The McMahon line runs through the eastern Himalayas and constitutes a psychological border between India and China. Drawn up and agreed to during by British India and Manchu China, its subsequent repudiation by China made it the major irritant plaguing the relations the two countries. Meanwhile Maoist China built a road through the Aksai Chin plateau that further complicated territorial boundaries. Eventually, India and China fought a border war in 1962 ended with India defeated and Nehru personally humbled.
A G Noorani writes that the dispute over Aksai Chin was really due to India’s unilateral interpretation of a previously undefined border.
The McMahon Line is clearly shown as India’s boundary in the east. But for the entire western sector, right from the Sino-Indo-Afghan trijunction to the Sino-Indo-Nepalese trijunction, the legend reads: ‘Boundary Undefined’.
This legend was used for this sector in all the three maps attached to the two white papers on Indian States published by Patel’s ministry in 1948 and 1950 also. The Aksai Chin belonged to nobody. This was the position when the Panchsheel Agreement was signed on April 29, 1954. But on July 1, 1954, Nehru ordered: “All old maps dealing with the frontier should be… withdrawn… new maps should also not state there is any undemarcated territory… this frontier should be considered a firm and definite one which is not open to discussion with anybody.” Unilateral changes are legally ineffective. [A G Noorani/Hindustan Times]
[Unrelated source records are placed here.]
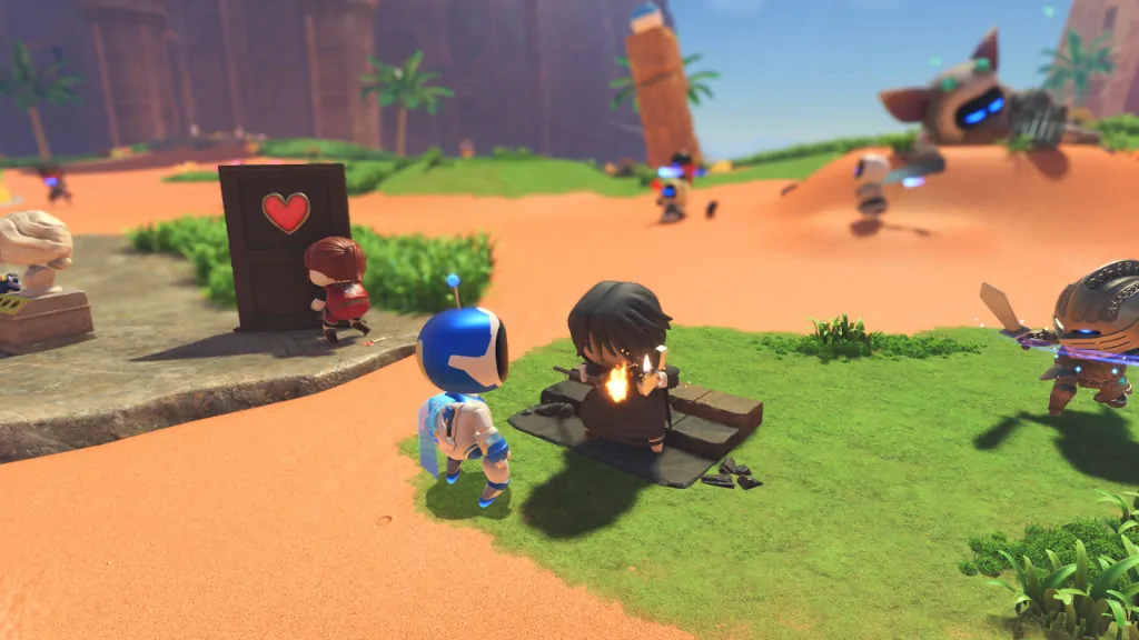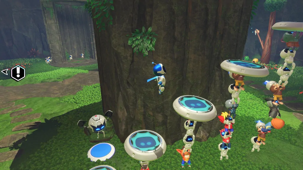 Πέραν αυτών, ο συγκεκριμένος ανεξάρτητος πλανήτης είναι στην ουσία και ένα hub-άκι των υπόλοιπων επιλογών που προσφέρει το ASTRO BOT σε ό,τι έχει να κάνει με την πρόοδο της ιστορίας και το customization. Με ένα σφύριγμα του ASTRO όλα – και το εννοώ, ΟΛΑ – τα bots που έχουμε επαναφέρει μας ακολουθούν και συνεργάζονται για να δημιουργήσουν σκάλες, πυραμίδες, τοίχους και να φτιάξουν μονοπάτια στον σωτήρα τους. Είναι ξεκαρδιστικό το να παρακολουθούμε αυτές τις σκηνές ασόβαρης συνεργασίας και τσιριχτών ανάμεσά τους, αφού δεν φανταζόμουν ποτέ πώς θα χρειαζόμουν ποτέ μου την από κοινού βοήθεια του Pyramid Head, του Ryu, του Trico και πάει λέγοντας.
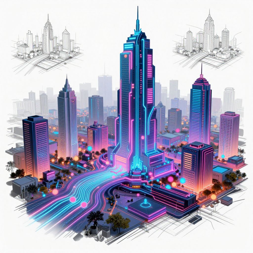 A vibrant, digital illustration of a futuristic cityscape at night. Central skyscrapers, illuminated in neon blue and pink, dominate the scene. A winding road, also glowing with neon lights, snakes through the city. Surrounding buildings are outlined in black with minimal detail. Palm trees dot the streets, and small, glowing streetlights add to the neon effect. In the background, a faint, sketched outline of a larger city skyline is visible. The overall style is hyper-realistic with a cyberpunk aesthetic, emphasizing bright, contrasting colors and dynamic light patterns.
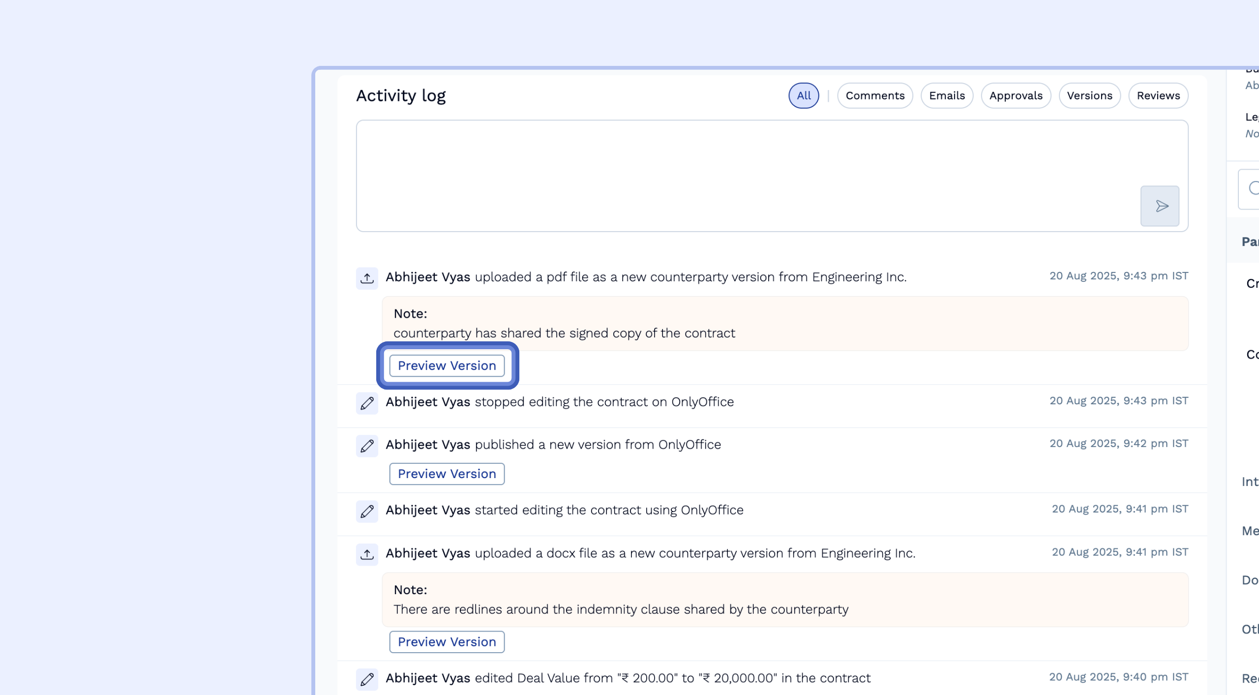 Every time a significant action occurs—such as saving edits, uploading a counterparty's redlines, or finalizing a contract for execution—SpotDraft creates a new, numbered version. This creates a complete, auditable timeline of your contract's evolution, allowing you to see every change and access previous versions whenever needed.
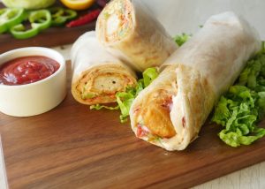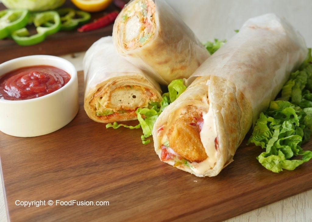Paratha per tomato ketchup,stir fried vegetables,fried chicken nuggets aur tayyar cream & cheese sauce dal dein aur butter paper mein wrap ker ka serve karein!
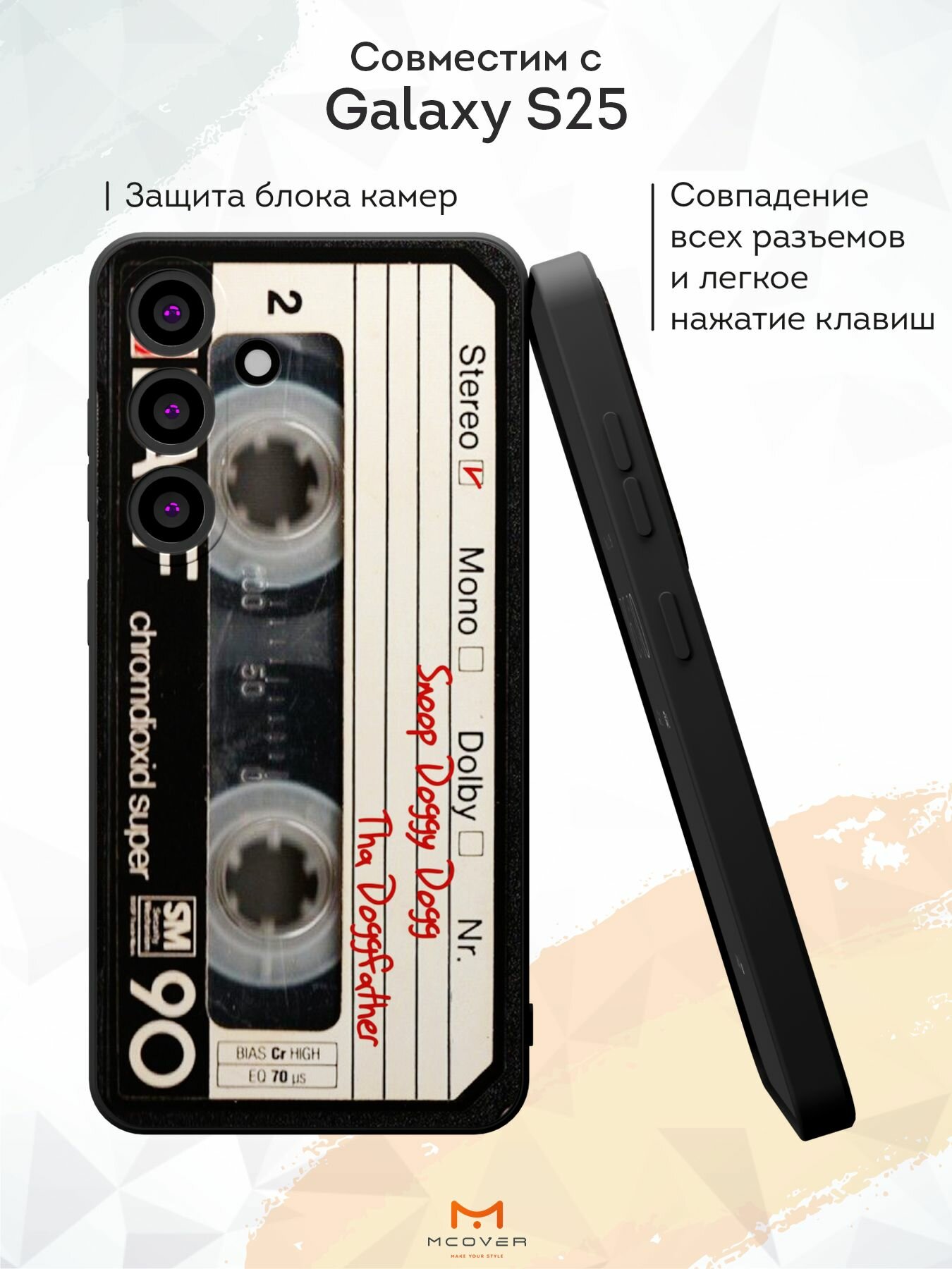 СохранитьСиликоновый чехол Mcover, на Galaxy S25, с принтом Кассета V.3, черный, с защитой камеры интересное:

The problem with Noorani’s analysis is that it assumes negotiations with China can be based purely on legal considerations. That is obviously not the case. For example China’s stance on India’s annexation of Sikkim: as Datta-Ray reveals, the Chinese government did not accept India’s annexation of Sikkim for over two decades in spite of the fact that Sikkim was nowhere near the McMahon line which China first accepted and then unilaterally repudiated.
Earlier, the Chinese had removed Sikkim from the list of independent countries on their official website. The gesture made headlines in India where commentators, echoing official briefings, claimed gleefully that China had also thereby accepted the McMahon Line over which the two countries went to war – disastrously for India – in 1962.
That is not so. The McMahon Line is nowhere near Sikkim. It lies far to the east, linking Bhutan with Myanmar and separating the Indian state of Arunachal Pradesh from Tibet. Sir Henry McMahon, British India’s foreign secretary, drew this 1,360km border on a map at the 1914 Simla Convention attended by British, Tibetan and Chinese delegates, thereby adding 129,500 sq km to India.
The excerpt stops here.